L'afefobia, detta anche aptofobia (dal greco: "apto", toccare, e "fobos", paura), è un tipo di fobia decisamente duro da affrontare. Chi ne soffre, infatti, prova repulsione, fastidio o addirittura dolore e paura quando si trova a sperimentare un contatto fisico. Queste sensazioni possono essere vissute se si riceve un tocco anche involontario, ma persino quando si è costretti a toccare qualcuno di propria iniziativa.
A volte questa fobia riguarda solo le persone del sesso opposto, a volte si estende a entrambi i sessi. In alcuni casi si accompagna all'agorafobia (paura degli spazi aperti e della folla) perché in certi contesti aumenta la possibilità di essere toccati.
Il fastidio dato dal contatto fisico può essere leggero (a questo stadio è piuttosto comune) oppure può sfociare in un disgusto intenso o in dolore psicosomatico (e in tal caso costituisce un grosso handicap).
Spesso l'afefobia viene scambiata per timidezza, ma nel caso in cui il disagio sia particolarmente forte la causa non è da ricercarsi in una naturale ritrosia, bensì in un trauma.
Cosa origina l'afefobia? Per la maggior parte delle persone, l'origine del problema è da ricercarsi in una carenza di affetto (che normalmente viene espresso tramite il contatto fisico) negli anni dell'infanzia, oppure in un trauma da aggressione sessuale. Come riportato dal sociologo canadese Michel Dorais, infatti, molti bambini vittime di violenza sessuale sviluppano afefobia, somatizzando in questo modo il loro trauma.
La fobia legata al contatto comporta essenzialmente un problema di fiducia. Si rifugge dal tocco dell'altro perché si teme che comporti sempre un'aggressione, la violazione del proprio spazio vitale e un'intrusione violenta nella propria sfera fisica.
Per questo è molto importante, per chi ha questa fobia, intraprendere un percorso interiore volto a recuperare la serenità persa, oltre al circondarsi di persone degne di fiducia dalle quali imparare ad accettare il contatto fisico, quantomai necessario per la sopravvivenza emotiva degli esseri umani.

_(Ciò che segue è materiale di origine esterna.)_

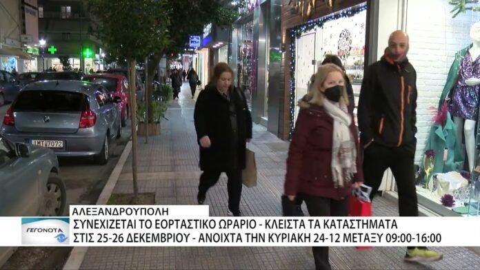 Στην τελική ευθεία για τις γιορτές των Χριστουγέννων και τα εμπορικά καταστήματα της Αλεξανδρούπολης λειτουργούν σε εορταστικούς ρυθμούς, με τροποποιημένο ωράριο. Το Σάββατο η αγορά θα είναι ανοιχτή από τις 9 έως τις 3 και την Κυριακή, παραμονή Χριστουγέννων από τις 11 έως τις 4. Τα χριστούγεννα και τη δεύτερη μέρα Χριστουγέννων στις 26 του μήνα τα καταστήματα θα είναι κλειστά, όπως επίσης και στις 1 και 2 Ιανουαρίου, του νέου έτους.

Ognuno di noi stabilisce, nel suo privato, dei limiti al contatto da parte degli altri. Sono stati più volte studiati da sociologi e antropologi i livelli di accettazione del tocco altrui, declinati con infinite variabili tra cui la cultura di appartenenza, il grado di vicinanza emotiva, il genere di chi tocca e di chi è toccato: i casi sono innumerevoli e ognuno stabilisce le regole a modo suo. Avrete conosciuto anche voi persone estremamente "toccaccione", come si dice in gergo, e non sempre avrete apprezzato i loro slanci fisici. Eppure occorre ricordarsi che la questione è sempre dipendente dai livelli di fiducia reciproci, in un senso che è ben più alto del semplice contatto tra due corpi.
Occorre quindi indagare la propensione al contatto di ciascuno di noi e riflettere su "cosa ci racconta": quanto ci fidiamo di chi abbiamo intorno? Quanto siamo disposti a lasciarci andare con il nostro partner? Quanto invadiamo fisicamente i nostri amici e conoscenti, e che cosa significa tutto questo all'interno della nostra rete sociale?